Millikan 2099, Pomona College

Dagan Karp (HMC)

In this talk I'll report on work with Matthew Hin. What is the Euler characteristic of a graph? What is the genus of a graph? More basically, what is the cohomology of a graph? We define the cohomology of any finite graph, and provide an effective algorithm computing such. Our method involves graph associahedra and toric geometry.

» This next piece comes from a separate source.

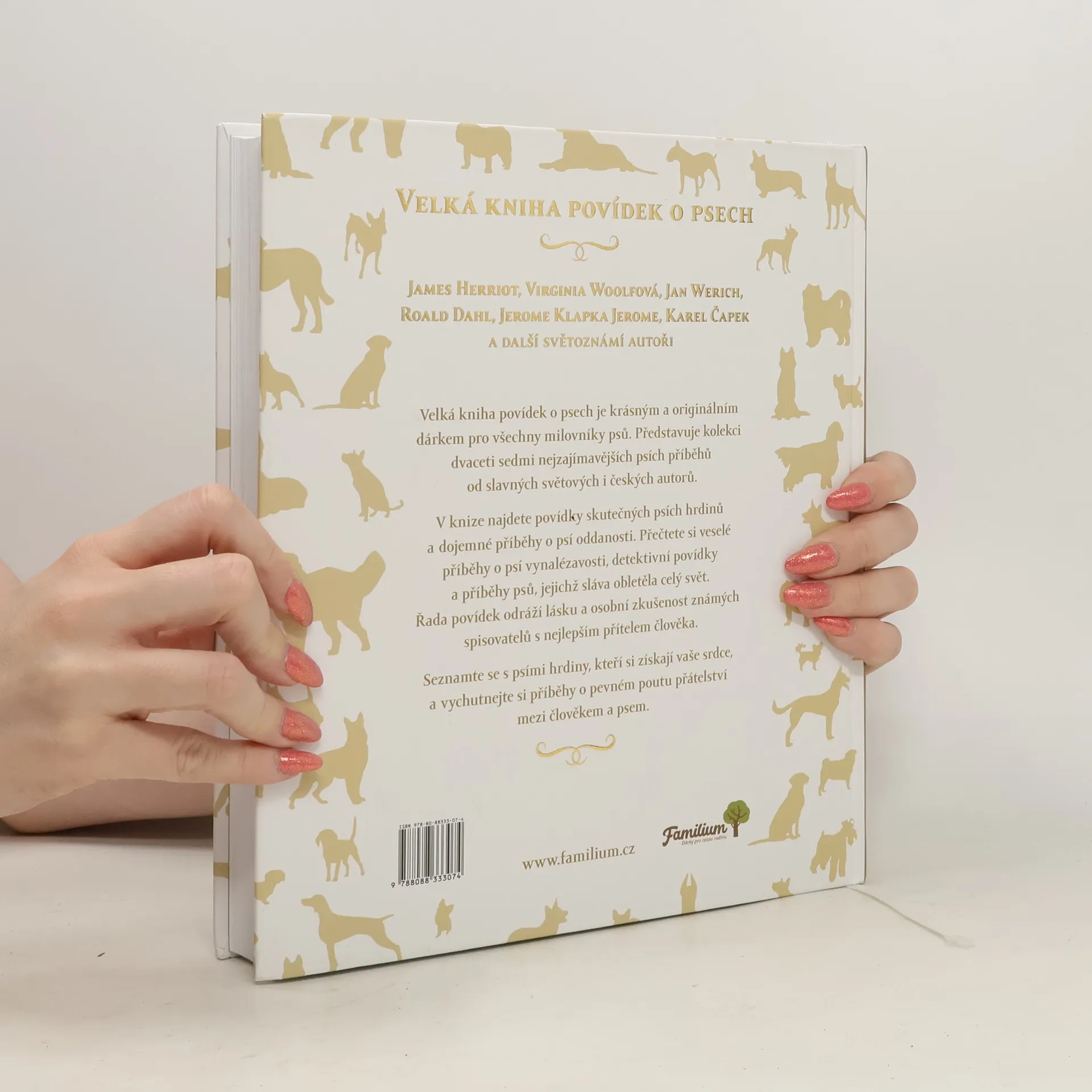 „Velká kniha povídek o psech“ je krásným a originálním dárkem pro všechny milovníky psů. Kniha nabízí kolekci nejzajímavějších psích příběhů od slavných světových i českých autorů. Najdete zde díla Jamese Herriota, Jana Wericha, Roalda Dahla, Virginie Woolfové, Jeroma Klapky Jeroma, Karla Čapka a dalších. Začtěte se do šestadvaceti napínavých, zábavných i dojemných příběhů o psí věrnosti, odvaze, chytrosti a nápaditosti. Řada povídek odráží lásku a osobní zkušenost známých spisovatelů s nejlepším přítelem člověka. „Velká kniha povídek o psech“ představuje výběr těch nejlepších povídek ze světové literatury se psími hrdiny v hlavní roli. Knížka má větší dárkový formát, a navíc obsahuje originální tematické ilustrace, které vytvořila Pavlína Veselá.

Millikan 2099, Pomona College

Song Yu (Pomona College)

Lines and planes that go through the origin are subspaces of the three-dimensional Euclidean space R^3. We can easily draw one million lines and one million planes in a way that none of the lines are contained in any of the planes. If we replace the real numbers with the finite field F_2, we still can have a three-dimensional space and lines and planes through the origin, but the largest collection of lines and planes where none of the lines are on any of the planes has size 7. In this talk, we will explore forbidden configurations among subspaces of a finite dimensional vector space over a finite field. We will highlight the analogy between subspaces of a vector space and subsets of a set and see how our problems fit into the general investigation of maximal subposets with certain constraints, a fruitful area of research starting from the classical Sperner's Theorem.

Millikan 2099, Pomona College

Sam Nelson (CMC)

A virtual knot or link has crossings of two types called even and odd parity. In this talk (joint work with Aaron Kaestner (North Park University) and Leo Selker (Pomona College)) we will define cocycle invariants of virtual knots and links using parity.